Friends of the Earth, Inc. v. Laidlaw Environmental Services (TOC), Inc., 528 U.S. 167 (2000). United States Supreme Court.

Facts

Friends of the Earth and other environmental groups brought a citizen suit under the Clean Water Act (CWA) against Laidlaw Environmental Services for repeatedly exceeding mercury discharge limits into a South Carolina river. By the time the case reached the Supreme Court, Laidlaw had come into compliance with its permit and had subsequently closed the facility. Laidlaw argued the case was moot and that plaintiffs lacked standing because they suffered no direct injury to property.

Issue

(1) Whether plaintiffs had Article III standing despite suffering no direct property damage, and (2) whether the case was mooted by Laidlaw’s subsequent compliance and facility closure.

Holding

The Supreme Court held that plaintiffs had standing based on members’ reasonable concern about using the affected waterway, and that the case was not mooted by Laidlaw’s compliance because defendants bear the heavy burden of showing that the wrong will not recur.

Rule / Doctrine

Standing: Injury in fact does not require actual harm to the plaintiff’s property; a reasonable concern about using or enjoying an area affected by a defendant’s conduct suffices. Plaintiffs need not prove that pollution actually harmed the environment — only that it affected their use.

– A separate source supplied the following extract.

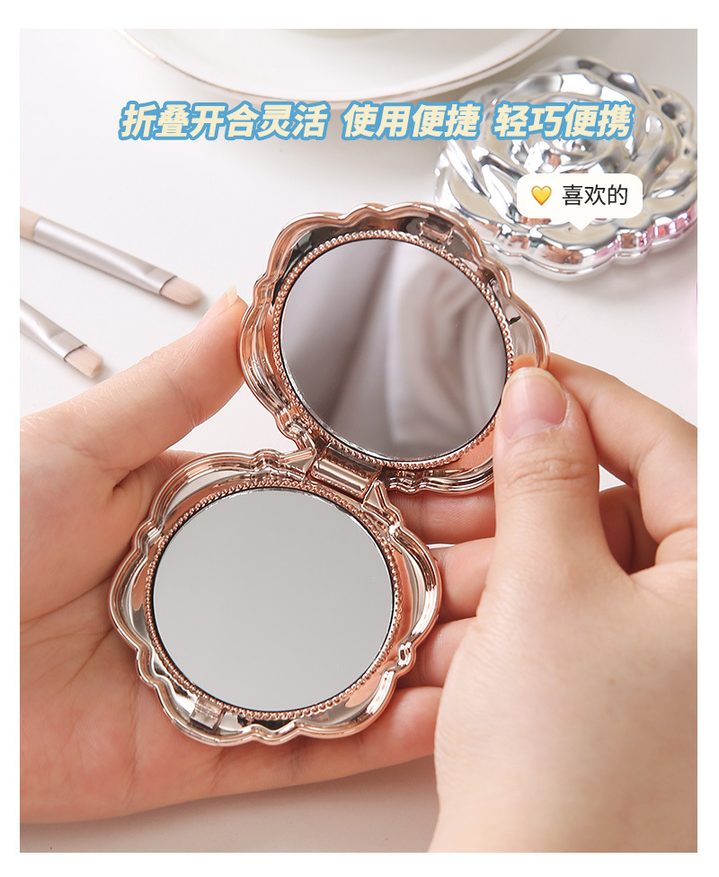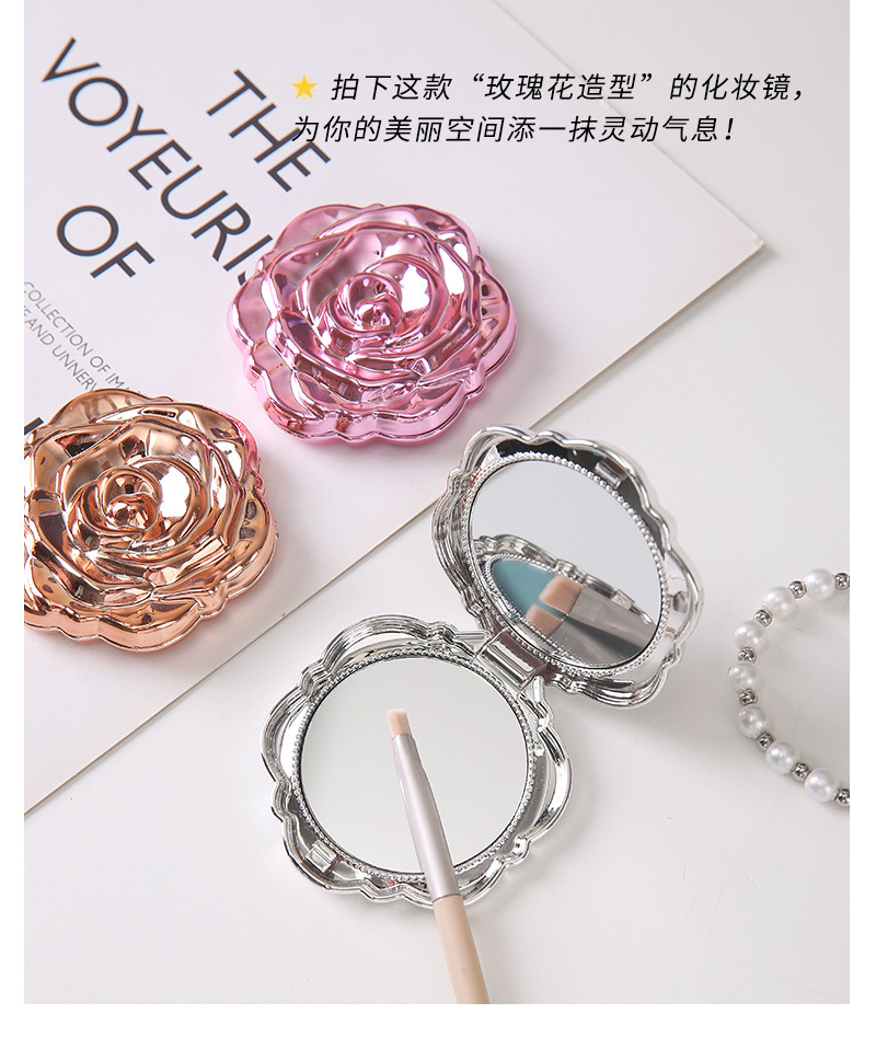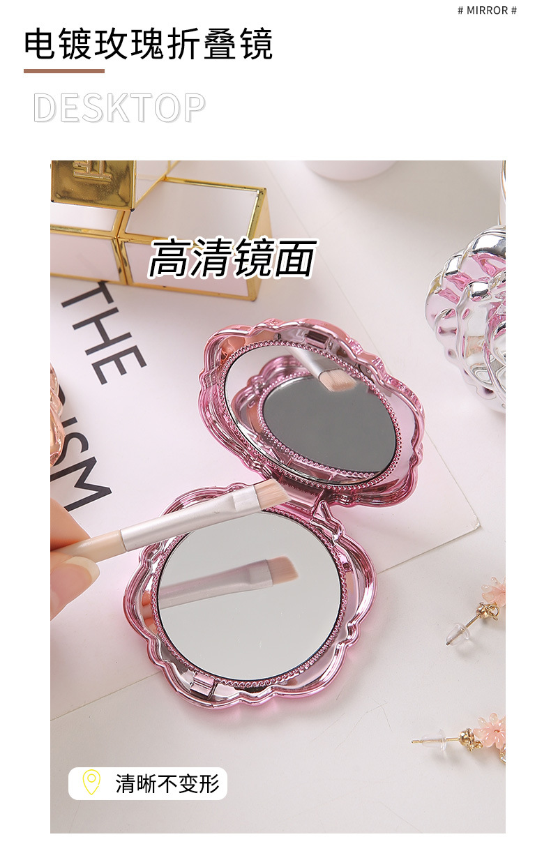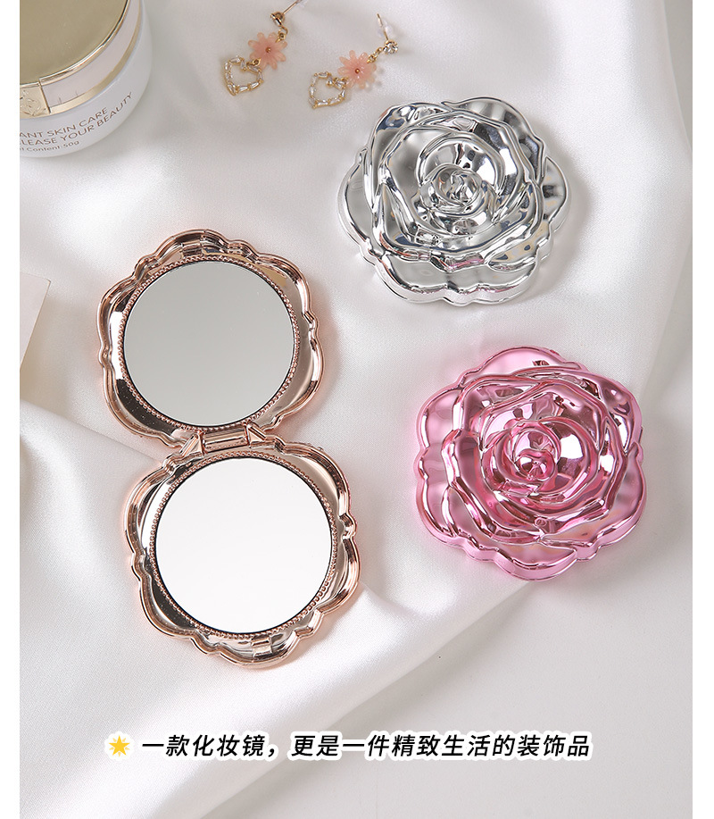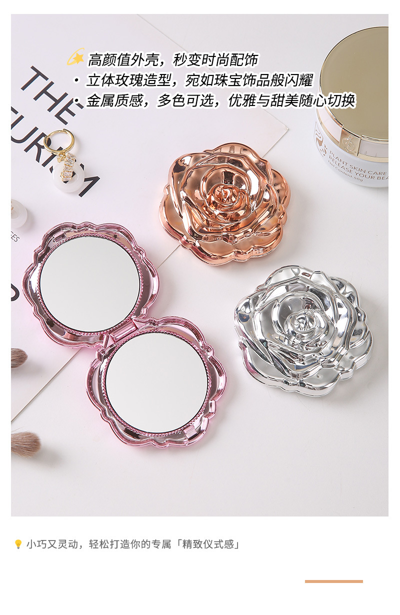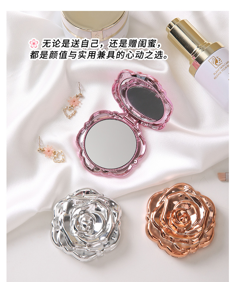 Новое складное круглое зеркало в форме розы, оптовая продажа, ручное одностороннее зеркало для макияжа, настольное портативное туалетное зеркало

Mootness: A case is not moot merely because a defendant voluntarily ceases the challenged conduct; the defendant must demonstrate it is absolutely clear the conduct will not resume.

Significance

Laidlaw clarifies the distinction between standing (focused on plaintiff’s injury) and mootness (focused on whether the controversy persists), concepts courts and litigants often confuse. It also liberalizes the standing inquiry for environmental plaintiffs under citizen-suit statutes, confirming that recreational and aesthetic interests support Article III injury.